Now, more than 150 years after they expressed that maxim, its truth survives, even if embodied in much less wicked systems. So, the contemporary question becomes, “Are modern employment systems abusive, or abused, and in what ways?”

This is an important distinction, since it spells out the difference between systems that need only to be tweaked and those that need to be scrapped (by legal or other means).

To answer that question precisely, there must be some agreement on what constitutes abuse—in this case employment abuse. Here’s a good start:

Abused: If the designed employment system’s processes and methods of solicitation, screening, placement and post-hiring treatment have consequences that, from the perspective of its designers, are unwelcome or harmful, but deliberately brought about by others, that employment system is an example of the abused type.

Examples of readily abused systems include those with workplace honor codes (e.g., unregulated employee use of company vehicles and equipment), use of an unchanging job placement exam (that allows applicants to inform others of the questions) and unilateral hiring decision authority vested in one HR manager, without accountability (which allows all sorts of mischief).

A more extreme example of abused employment systems include those that ignore (i.e., allow, through unawareness, inattention or connivance), permit (i.e., officially give permission for) or encourage rogue police behaviors, despite official department proscription and prohibition of these.

Abusive: If the designed employment system’s processes and methods of solicitation, screening and placement have harmful consequences that, from the perspective of its designers, are intended and deliberately induced, that employment system is, from the standpoint of those harmed, an example of the abusive type.

A police department that institutionalizes through formal (even if discreet, “in-house”) approval of the use of terror, intimidation, graft, shakedowns, etc., would illustrate an abusive employment system—and one that cannot be merely “tweaked”.

Why Systemic Abuse is Inevitable

There are good reasons to believe that “every system has its abuses” is and always will be true, because among us, as in all of nature, and barring extreme genetic re-engineering of human nature, there will always be the gifted cunning cheat, the powerful predator, the misguided altruist (which, hopefully, is not a redundant concept), and the eager parasite.

As long as those capacities are in the human genome, even the most utopian and idealistic system will be vulnerable to abuse, despite—or worse—because of its high-minded principles.

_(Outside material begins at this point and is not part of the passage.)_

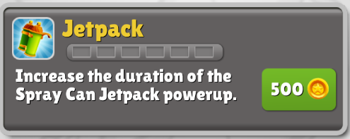 该道具是在游戏进行时随机获取的,当角色捡到火箭推进包时会自动沿着电缆飞行,不受任何障碍物的影响,同时还可获得大量的金币,此道具也是游戏中最好用、最给力的道具。
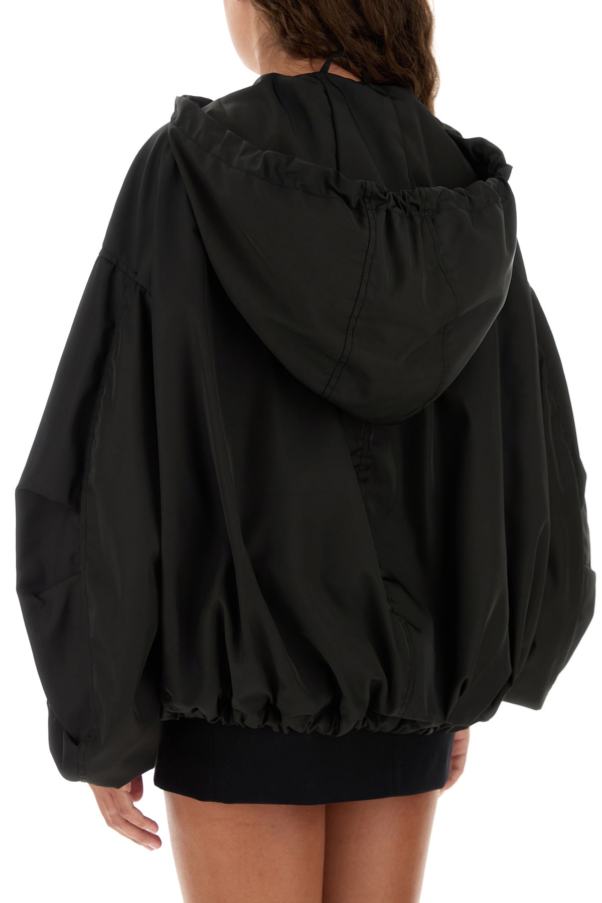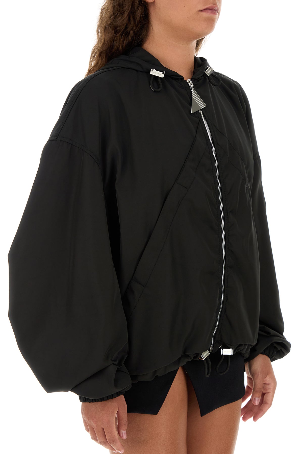 Bomber jacket realized in polyester characterized by drawstring maxi hood.

Accordingly, the most that can be hoped for is minimization of the potential for and occurrence of abuse, not their complete elimination.

Unfortunately, and in all likelihood, any system that is conceived as offering complete control and prevention of abuse will, it seems, have to be a very heavy “visible hand” indeed and inherently at risk of abuse by deliberate design or through flaws in its design. Given the level of surveillance and control that would require, “invisible brain ” is the more apt, more iron-handed term.

For example, consider the power and probable trajectory of a genetically engineered “utopian” society dedicated to “weeding out” human “flaws” such as selfishness (the “Ayn Rand” laissez-faire gene), predatory behavior (which could render us incapable of combat when necessary or of working in MA—mergers and acquisitions), cheating (goodbye useful geopolitical bluffing) and misguided altruism (the easiest way of preventing that being the elimination of altruism, period).

Mutants, throwbacks, aliens and genetic cheats would all be able to exploit this kind of system to their own advantage and to the disadvantage of everyone else. These considerations suggest there is only one system guaranteed to prevent further abuse and eliminate existing abuse.

One in which everyone is an abuser and the abusers eliminate each other.